BEGIN
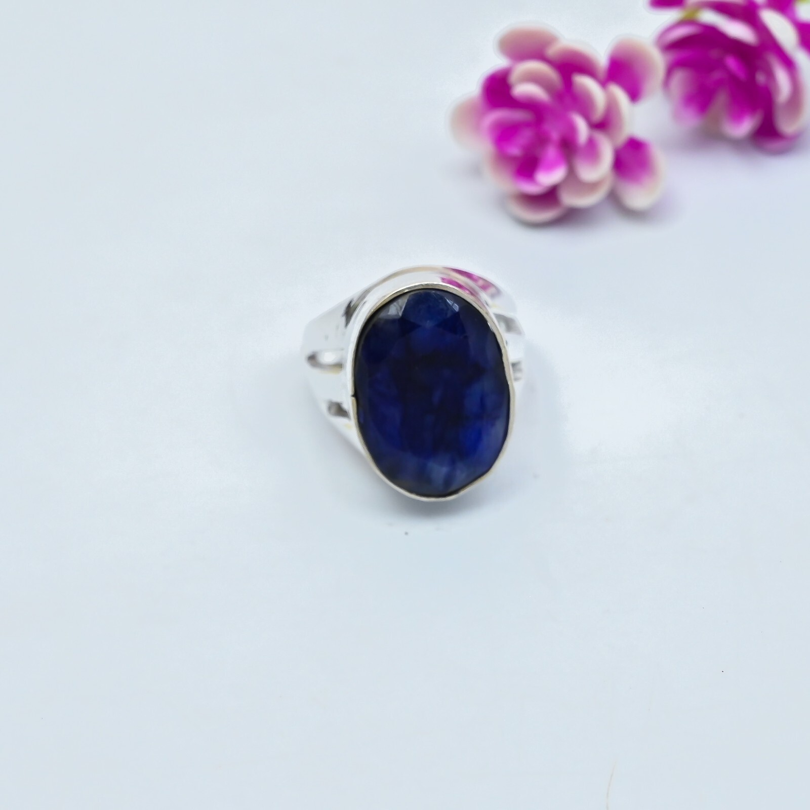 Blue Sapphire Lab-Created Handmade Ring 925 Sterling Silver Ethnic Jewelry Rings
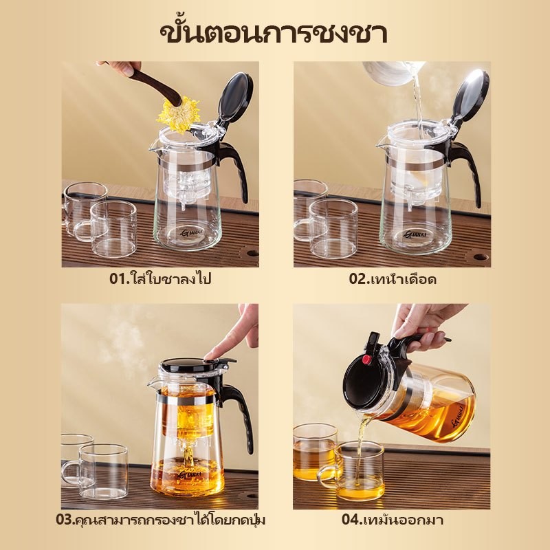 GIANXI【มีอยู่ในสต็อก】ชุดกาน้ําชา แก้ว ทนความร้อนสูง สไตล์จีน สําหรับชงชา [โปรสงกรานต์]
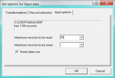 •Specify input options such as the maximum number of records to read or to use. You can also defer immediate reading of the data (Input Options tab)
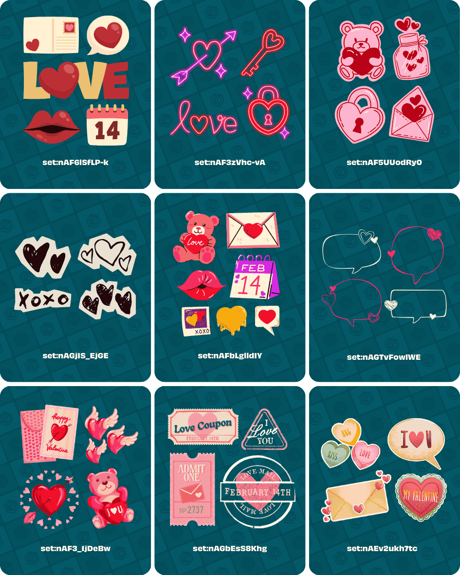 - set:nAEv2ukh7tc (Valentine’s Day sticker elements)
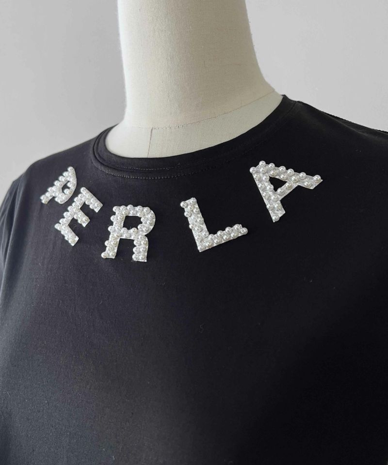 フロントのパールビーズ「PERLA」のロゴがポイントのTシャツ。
END
**TASK BRIEF:**
In your copy of the entries above, keep the text exact and leave out the pictures.

**TASK SOLUTION:**
 Blue Sapphire Lab-Created Handmade Ring 925 Sterling Silver Ethnic Jewelry Rings
 GIANXI【มีอยู่ในสต็อก】ชุดกาน้ําชา แก้ว ทนความร้อนสูง สไตล์จีน สําหรับชงชา [โปรสงกรานต์]
 •Specify input options such as the maximum number of records to read or to use. You can also defer immediate reading of the data (Input Options tab)
 - set:nAEv2ukh7tc (Valentine’s Day sticker elements)
 フロントのパールビーズ「PERLA」のロゴがポイントのTシャツ。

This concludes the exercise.